On 26 May, a day after the death, furious traders of Chowk Bazaar kept their shops closed and staged a protest. They were angry with the police on several counts. One, the cops posted on 24-hour duty in the market were absent when the attack took place. Two, the police had not made even a single arrest till the death. Three, the police had let off the two men named in the FIR on the night of the crime itself.
The protesters were pacified only when the police assured them that they would arrest all the culprits in 24 hours and slap them with murder charges, said a trader. The police went on to add Section 304 (culpable homicide not amounting to murder) in the FIR against 17 people. Until 2 June, the police had reportedly arrested seven people.
Shop owners say the arrests are “fake”.
“They are putting the wrong men behind the bars. It’s all fake,” said a trader in the same lane as Nattho lassi shop, without wanting to be named.
Several shop owners alleged that mother of a key accused is a local Samajwadi Party leader, popular among locals as ‘netani‘, and he is thus being shielded.
Mansoor Ali, a resident of Hanuman teela which is located near the mosque, also said that the police were making wrong arrests. He said that migrant Muslim workers and women in Nakkashi teela were feeling scared, and many had temporarily shifted to other areas.
“It was a dispute between two groups. Only those who were involved should be arrested,” he said. Ali said that vested interests were giving the crime a communal colour.

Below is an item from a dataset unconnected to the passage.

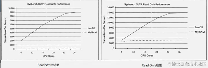 C. 只读模式下,随着 CPU 核数的增加,InnoDB 的读写能力呈线性增长,最高可达近 14000 的 TPS,但 MyISAM 的处理能力不到 3000 TPS。
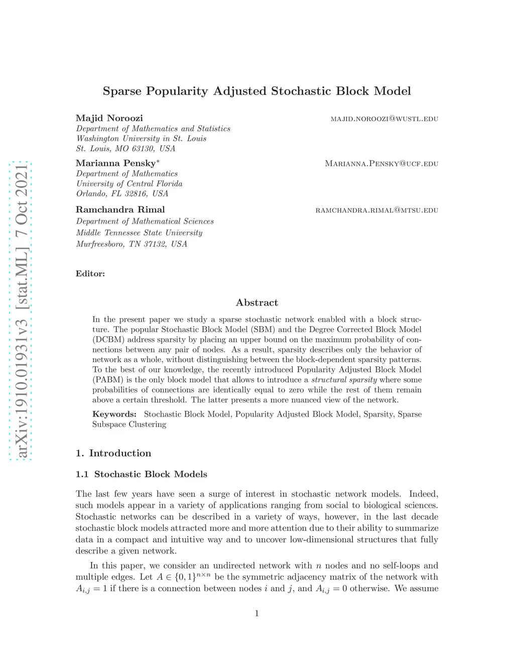 In the present paper we study a sparse stochastic network enabled with a block structure. The popular Stochastic Block Model (SBM) and the Degree Corrected Block Model (DCBM) address sparsity by placing an upper bound on the maximum probability of connections between any pair of nodes. As a result, sparsity describes only the behavior of network as a whole, without distinguishing between the block-dependent sparsity patterns. To the best of our knowledge, the recently introduced Popularity Adjusted Block Model (PABM) is the only block model that allows to introduce a {\it structural sparsity} where some probabilities of connections are identically equal to zero while the rest of them remain above a certain threshold. The latter presents a more nuanced view of the network.

Munna Yadav, eldest of the three brothers, had just returned home from the police station when this correspondent met the family. He said police recorded his statement for a fresh FIR in the case but he had not received a copy yet.
Pankaj and Munna said that Mathura MLA Shrikant Sharma from the Bharatiya Janata Party met the family last week and assured them of strictest action against the criminals. “All we want is justice. We don’t ask for any compensation,” Pankaj said with folded hands.

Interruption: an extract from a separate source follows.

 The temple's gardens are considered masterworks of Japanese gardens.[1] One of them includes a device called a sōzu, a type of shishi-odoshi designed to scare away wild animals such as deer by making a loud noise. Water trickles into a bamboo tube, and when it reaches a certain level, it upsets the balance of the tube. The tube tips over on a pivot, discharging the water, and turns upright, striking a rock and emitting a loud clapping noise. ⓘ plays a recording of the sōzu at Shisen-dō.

Traders in Chowk Bazaar are stunned at the brazen attack. They say that while mobs vandalising their shops or looting them is routine in the area, such a brutal attack is unprecedented. Fear is pervasive and can be gauged from the fact that most shop owners refused to give any statement on video. Few agreed for audio recording while many declined to talk at all, saying they had not witnessed the attack and so could not comment on it.
Ram Singh, who runs a kachori shop adjoining Nattho lassi shop, was among the few who gave an eyewitness account. As per Singh, a spat broke out when a woman from the group insisted they had five glasses of lassi even as the lassi sellers were adamant he had served nine. The woman accused the brothers of being high on bhaang and the latter snapped saying she must be high on liquor. The woman left in a huff, saying she would teach the brothers a lesson.

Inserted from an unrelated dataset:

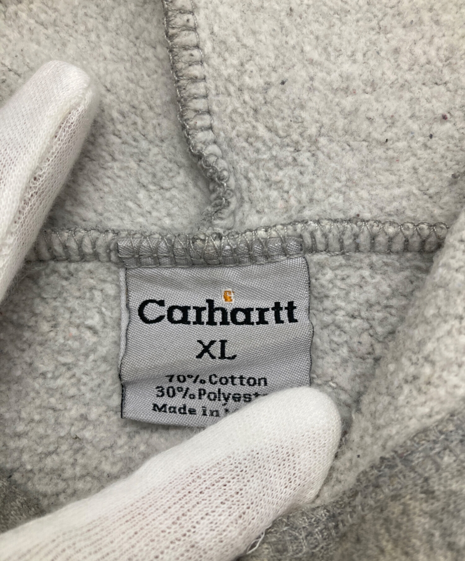 • CarHartt(カーハート)CarHartt (カーハート) プルオーバーパーカー グレー サイズ:XLの古着・服飾アイテム ヨゴレ有

“God knows what all she told the men in her area upon her return,” said Singh. “A mob soon arrived and beat Bharat mercilessly. They dragged him out of the shop and beat him up in the street.”
Several traders said they gathered from locals that the woman concocted a tale of sexual harassment in public at the hands of the lassi sellers.
Pankaj Yadav said that far from molesting her, the brothers had told the group to leave with folded hands. He said the woman hurled choicest abuses at him and even challenged them to file a police case against her. “She asked us what can we do at most. File a report against her? She said she would get bail easily,” said Yadav. “The group repeatedly called us kaafir. They said you kaafirs are talking so much now,” Pankaj told this correspondent.
Yadav said when the mob arrived with lathis and rods, a burqa-clad woman was constantly instigating them into thrashing the brothers more.
An eyewitness to the attack, who spoke on the condition of anonymity but let this correspondent record his audio statement, said that the mob told the lassi sellers that it was because of Yogi Adityanath and Narendra Modi that they were getting emboldened.
Hear the eye-witness’s statement below:
“The mob said they weren’t scared of Yogi-Modi,” said the eye-witness, who sells puja paraphernalia. He estimated the age of men in the mob to be between 20 and 25 years.